Выбрать главу

Сведений было немного, попросту сказать мало, и все же они позволяли прийти к совершенно неожиданным выводам. Прежде всего, что касается жанра «Древа», то его современным языком можно определить только как царский портрет «с родословием». Никаких иных сколько-нибудь близко подходящих терминов в те годы не применялось. С другой стороны, композиция «Древа» не была распространенной, но несомненно шла от гравюр петровского времени. Художнику ремесленного уровня проще всего, не пускаясь в сочинительство, использовать в качестве прототипа именно гравюру — такова была традиция, установившаяся в русском искусстве еще в XVII веке. Никитин мог повторять свою находку в большем или меньшем количестве экземпляров — все зависело от того, насколько ходко подобные изображения шли и появился ли на них спрос. Даже сама надпись на лицевой стороне холста с указанием полного имени автора и года напоминает гравюры, где почти обязательно мастер оставлял свою подпись. В живописи подобная традиция, как уже говорилось, начала устанавливаться только к концу XVIII столетия. Но главное по сравнению с характером и средним уровнем мастерства художников тех лет (почерк времени!) именно так должна была выглядеть продукция ремесленника, с трудом привыкавшего к масляной живописи и соответственно делавшего очень характерные ошибки в разведении красок, приемах их наложения, сопоставления цветов.

Все эти посылки позволяли с достаточной уверенностью сказать, что именно этому, третьему, Ивану Никитину и принадлежало «Древо». Персонных дел мастер, как и исторический живописец, не имели никакого отношения к проданному в торговых рядах полотну. Причиной без малого столетних споров, дебатов, обвинений историков оказалась рядовая поделка ни на что не претендовавшего безвестного московского ремесленника.
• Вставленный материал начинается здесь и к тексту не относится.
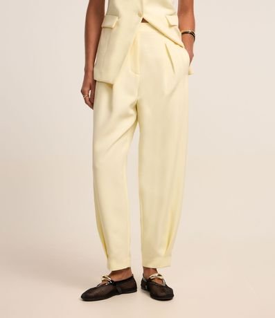 Calça cenoura feminina de alfaiataria com pregas na parte frontal e na barra.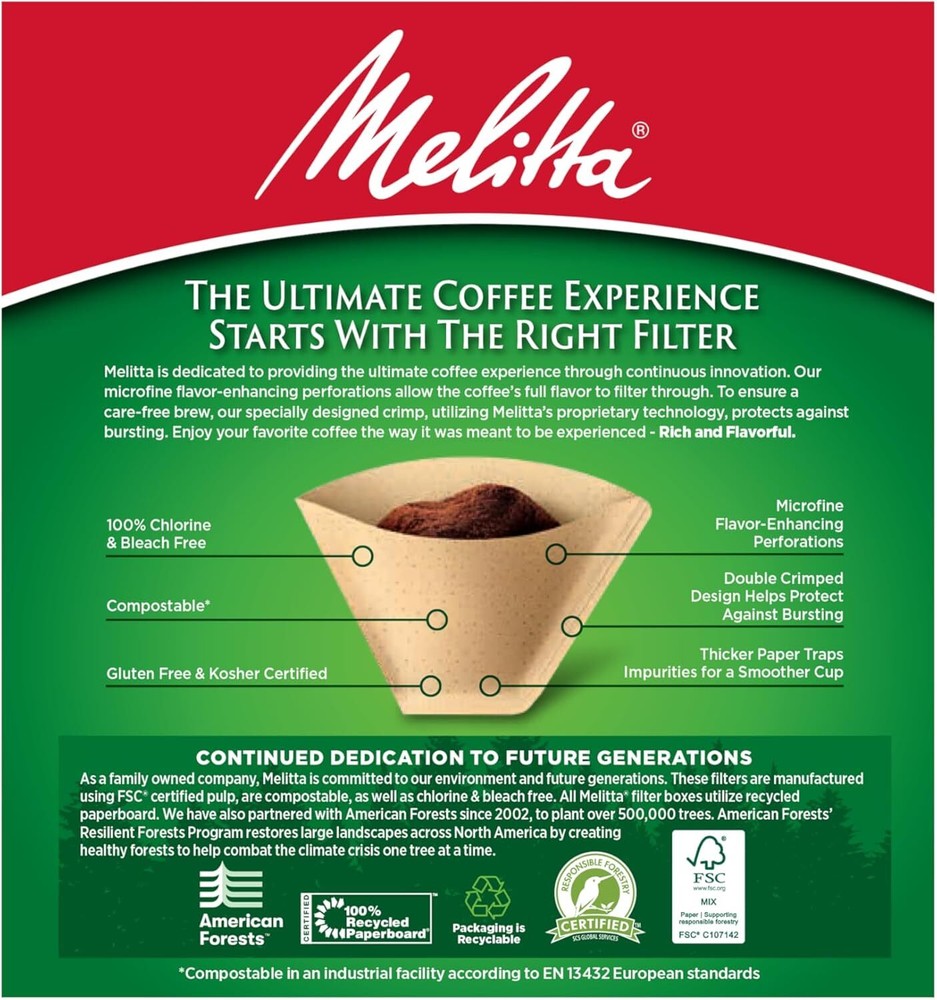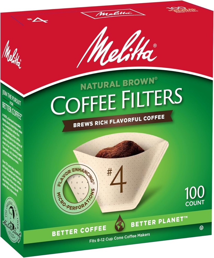 Menu Other Items Feedbacks About Us Contact Us Add To Favorites #4 Cone Coffee Filters, Unbleached Natural Brown, 100 Count (Pack of 6) 600 Total Filters Count - Packaging May Vary Cone Coffee Filters: Premium cone coffee filters will fit all 8 to 12 cup drip coffee makers with a conical shaped filter; Also fits most pour-over coffeemakers that need #4 coffee filters; Traps more bitter oils for a better cup of coffee Advanced Design: Our coffee filters feature Microfine Flavor Enhancing perforations that allow the full coffee flavor to filter through and a double crimped filter design to help protect against bursting Number One Coffee Filter Brand in the World: Our cone, basket and single serve filters are all designed to brew rich, flavorful coffee; They are all compostable and made of high quality paper that won't tear for mess-free brewing Optimal Brewing: Our products are designed to provide optimal extraction resulting in a rich and flavoful cup of coffee which is never bitter Join the Pursuit for Better Coffee: Melitta is dedicated to providing the ultimate coffee experience with our premium coffee filters, coffee pods, pour-over brewers, coffee makers and premium coffees Always store your coffee in an airtight container away from direct light, heat and exposure to moisture. Ground coffee will begin staling soon after the package is opened, so storing it in an airtight container is crucial. An airtight container keeps out odors and protects the internal moisture of the coffee bean, in the case of whole bean. Direct light and heat will begin to degrade the coffee oils, and will affect the flavor and aroma properties. A single pack features 100 Filters (One 100ct Box) and a case pack features 1,200 Filters (Twelve 100ct Boxes) Item Specification Item model number #4 Unit Count 600 Count Material Paper Country of Origin USA Global Trade Identification Number 00055437632171 Item Weight 3 pounds Shape Cone Is Discontinued By Manufacturer No Product Dimensions 13.3 x 10.7 x 8.5 inches Number of Pieces 6 Dimensions Shipping Returns Additional Info Product Dimensions: 10.7 inches x 13.3 inches x 8.5 inches. Weight: 3.0 lb Fast shipping is very important for us. Our standard shipping service is FREE. Your order will be shipped within 1-3 business days upon full payment received. Most items are delivered within 3-5 business days, however, please allow 3-10 business days. We are shipping only to USA. We only ship to the confirmed Paypal address. We reserve the right to cancel any order for any reason at any time. We are not responsible for undeliverable addresses. We offer a 30 day return policy from checkout winning date. Your satisfaction is guaranteed! If for any reason you are unhappy with your item, just return it within 30 days for a full refund, minus shipping cost. Please contact us prior to initiating a return so that we can issue you a refund authorization. Items defective upon receipt must be packaged in their retail packaging as if new and returned with a detailed description of the problem. Return shipping fees are not refundable. We reserve the right to decline any returns if the above guidelines are not followed. All of our items, unless otherwise stated, will only run on 120 volts. Please check to make sure your country complies with these specifications. If you have a problem or question regarding your transaction please contact us before leaving any type of feedback. We will work with you to resolve any problem you may have.

И это было действительно последним необходимым словом в биографии первого русского портретиста.

Поиск подходил к концу. Годы, отданные ему, воплотились в главу книги «Живописных дел мастера», в статьи-публикации о деле Родышевского, — первом политическом процессе XVIII века, о Михайле Аврамове и задуманной им Академии художеств, о профессиональной организации русских художников в XVII–XVIII столетиях. Теперь можно было оглянуться и на самый ход поиска, восстановить во всех подробностях жизнь и образ первого русского портретиста Ивана Никитина.

Оказались разрешенными творческие противоречия в приписывавшемся ему наследии, дав жизнь двум забытым художникам-однофамильцам — безвестному московскому мастеру и историческому живописцу, работавшему в Петербурге. Они получили место в истории, и хоть очень разные по уровню мастерства, каждый из них был по-своему важен для общей картины развития искусства.

Московский ремесленник Иван Никитин «из торговых рядов» позволял узнать, какой же была рядовая художественная продукция, имевшая наиболее широкое распространение, доступная неизмеримо более широкому кругу заказчиков и потребителей, чем произведения первоклассных и обычно находившихся при дворе мастеров.

Иван Андреевич Никитин — один из первых живописцев петровского времени. Круг его работ, интересов, творческих возможностей — это характеристика времени, но на ином уровне. Такими были мастера, выполнявшие работы, связанные с развивающимся строительством, вовлеченные в те годы во все виды производства, обозначившие своим творчеством формирование нового быта, чаще даже общественного, нежели частного.

И, конечно, самое главное — персонных дел мастер Иван Никитин. Среда, в которой он рос, люди, преданные идеям преобразования страны из кругов, заведомо относимых историками к наиболее консервативной части русского общества (как-никак церковники!). Обучение живописному мастерству здесь же, в России — предположение, требующее дополнительных доказательств, но явно близкое к истине, что его учителем был Михайла Чоглоков, художник и архитектор, строитель Сухаревой башни и соавтор здания Арсенала Московского Кремля. Первый успех с портретами и в том числе семьи Петра, трехлетнее пребывание в Академиях художеств Венеции и Флоренции. Триумфальное возвращение в Петербург, блестящий взлет мастерства, признание, не поколебленное сменами правителей, — Никитин неизменно остается при дворе вплоть до прихода к власти Анны Иоанновны — и «Дело Родышевского». Конец жестокий, но жестокий даже не столько потому, что художнику пришлось пройти через все ухищренно-бесчеловечные методы тайного сыска, одиночное заключение, наказание плетьми, ссылку в Сибирь, сколько потому, что последние годы своей жизни Иван Никитин оказывается оторванным от искусства. Десять лет, вычеркнутых для живописи, если не считать остающихся нам неизвестными попыток взяться за кисть в Тобольске для писания икон — мастерство, внутренне чуждое портретисту, — может ли быть страшнее приговор для художника в самом расцвете творческой зрелости и мастерства!